Хорошо отзывался Есенин о А. Блоке, отдавал должное Н. Клюеву и другим. Словом, неблагодарным не был, хотя временами его, что называется, заносило. И это дало Мариенгофу повод написать в «Романе без вранья»: «Есенин никого не любил, и все любили Есенина». Выражаясь осторожно, спорное заключение.
Тяжёлые бытовые условия не стали неодолимым препятствием для творческой деятельности поэта. За бурные и тревожные 1917–1918 годы Есенин написал три десятка стихотворений и одиннадцать маленьких поэм: «Товарищ», «Певущий зов», «Отчарь», «Октоих», «Пришествие», «Преображение», «Инония», «Сельский часослов», «Иорданская голубица», «Небесный барабанщик», «Пантократор». Главная мысль, которая связывает эти произведения в одном цикле, была сформулирована автором уже в поэме «Певущий зов»: «Не губить пришли мы в мире, а любить и верить».
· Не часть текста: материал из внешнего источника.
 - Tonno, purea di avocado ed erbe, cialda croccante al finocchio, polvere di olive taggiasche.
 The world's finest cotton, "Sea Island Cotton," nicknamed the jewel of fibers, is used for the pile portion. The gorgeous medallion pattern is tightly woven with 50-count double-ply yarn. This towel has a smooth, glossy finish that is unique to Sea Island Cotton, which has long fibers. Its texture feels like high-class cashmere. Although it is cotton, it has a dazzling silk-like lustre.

Писательская коммуна. В самый разгар холодов зимы 1918/19 годов Есенину пришла мысль образовать коммуну писателей и поэтов с целью добиться для них тёплого помещения, обнаруженного им в Козицком переулке. В коммуну вошли: сам Сергей Александрович, С. Гусев-Оренбургский, Р. Ивнев, Б. Тимофеев и другие. Моссовет выделил им пятикомнатную квартиру с паровым отоплением, и жизнь «коммунаров» началась. По воспоминаниям Рюрика Ивнева, началась она нашествием друзей, приятелей и знакомых членов коммуны. Словом, пыль столбом и море разливное спиртного.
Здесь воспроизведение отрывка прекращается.